Movies do many things. They can make the strongest person cry or the sternest person laugh. All it takes is a couple of hours. Knowing the greatness films can achieve, it pains me to know how many average and emotionless films have been released in recent times. This is a short review of three such films.
Let’s start with a little film called “Gothika” about a psychiatrist at a mental institution who claims to be haunted by the spirit of a dead girl. Prompted by the ghost, she proceeds to murder her husband, an action which, predictably, gets her committed to the asylum that she worked for.
Although the movie has some strong points, including a strikingly “Panic Room”-esque editing style, its major flaw is its incredibly generic story line. It’s one of those “I’m haunted by spirits that want me to solve their unjust murder and in the process I will learn that someone I am close to had something to do with it and that person will try to stop me from uncovering the plot” type of movies.
It’s “Stir of Echoes,” “What Lies Beneath” and a dozen other similarly styled suspense/horror flics all over again. This is not to say it doesn’t deliver the occasional scare, because it does. There is just not enough to bring it to above average.
I don’t want to nitpick, but if a psychiatrist went insane, wouldn’t it be some kind of violation to keep her locked up in the place she worked not a week earlier? That just didn’t sit right with me.
Another thing that didn’t sit right with me was “The Missing.” Now, this film isn’t so much bad as it subpar by the director’s standards. This film was directed by Ron Howard, maker of such great films as “Apollo 13” and “A Beautiful Mind.” He could have made a great movie about a frontier-era woman battling Indians who steal her daughter to sell into slavery in Mexico. The problem is, he doesn’t. The film is slow and underwhelming.
There were some good moments, and unlike the last film I reviewed, it had a far more original plot, notwithstanding the stereotypical strong-willed western female character who can handle anything. That has been overdone.
I enjoyed some of the characters, including Tommy Lee Jones, and the villain was detestably well made for the screen.
Which brings me back to what I said earlier. It’s only bad by the director’s standards. Ron Howard has a lot to live up to.
Now, let’s shift from directing geniuses to the directing scum of the world. Richard Donner’s “Timeline” is, by all meanings of the word, awful. I did not read the book of the same name. However, as a fan of Michael Chrichton, I can only hope his writing was better than Donner’s directing.
Donner, one of the oldest directors in the business, has made the most clichÇd, underdeveloped, paradox-filled junk heap of a film that I don’t even know how to begin to describe it.
For starters, let me say that if you are going to make a movie about time travel, at least try to follow some kind of scientific law.
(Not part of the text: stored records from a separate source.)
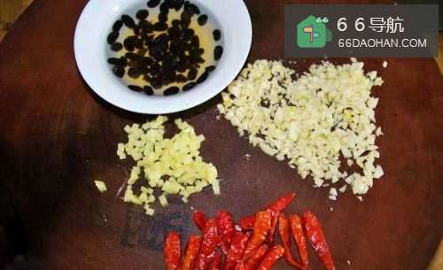 3豆豉泡发,姜蒜切米,辣椒洗净待用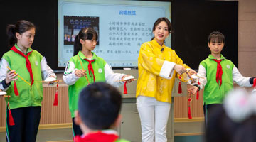 4月15日,小学生在国家安全年画娃娃艺术展上体验年画制作。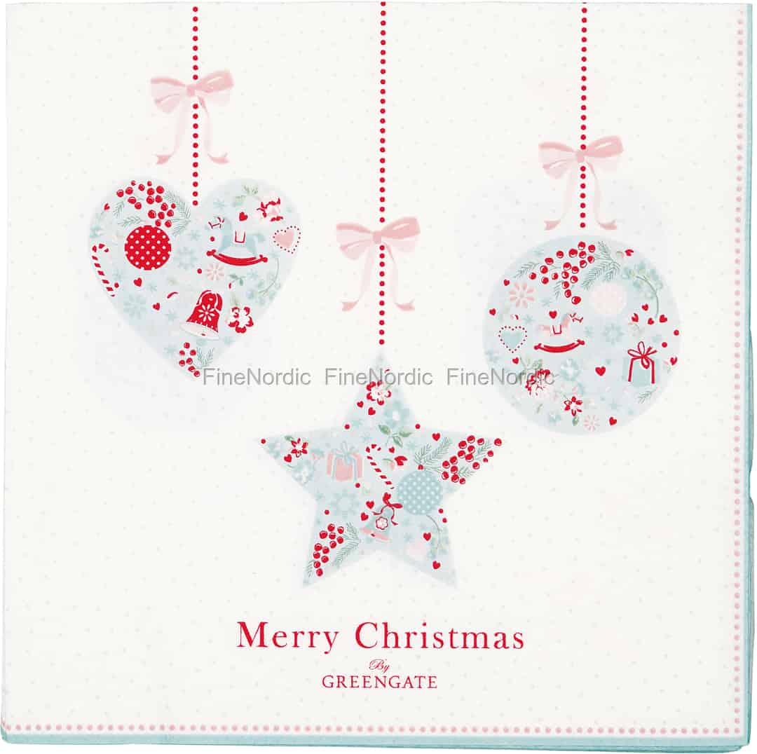 Die weißen Papierservietten Sandie White werden mit Weihnachtsschmuck in hellblau, rot und rosa und mit den, mit roten Buchstaben geschriebenen Worten: Merry Christmas by GreenGate, verziert. Je ein Herz, ein Stern und eine Kugel sind hängend auf der Serviette zu sehen und in ihnen sind verschiedene Weihnachtsmotive abgebildet. Glocken, Zweige, Schaukelpferde und noch vieles mehr gibt es auf der Serviette zu entdecken. Die Einwegservietten werden in einem 20er Pack geliefert und mit diesen hübschen Weihnachtsservietten ist der Weihnachtstisch ruckzuck wunderschön gedeckt.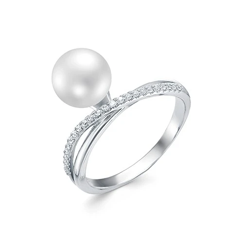 Кольцо из серебра с белой речной жемчужиной 8,5-9 мм, (631)

In the film, a group of archeologists travel back to the dark ages and get stuck. They say things like “Hey, don’t do that, it could change the course of human history” all the while killing people who could be the ancestors of the person who invented the Polio Vaccine or, God forbid, the television.
The flaws of “Timeline” go far beyond time travel incongruities. How about the fact that the characters in this film are so emotionless, so without depth, that on the rare occasion when one of them died, I didn’t care?
Running on guesses, coincidences and cinematic clichÇs, this movie fails miserably to be the epic story it pretends to be. An experienced director like Donner, who has been at it since the late 50’s, has no excuse for garbage like this. He should be making the kind of movie that keeps the audience entertained from start to finish.
It saddens me to see so much wasted talent, but I can’t stand the likes of Paul Walker, Halle Berry or Richard Donner. So maybe the talent isn’t so wasted after all. Hopefully, these people will stop making movies after they realize they are no good at it.
Oh well, at least I have “Master and Commander: The Far Side of the World” to keep me company in this long winter of mediocrity. Hopefully, as spring returns, so too will engrossing and exciting entertainment.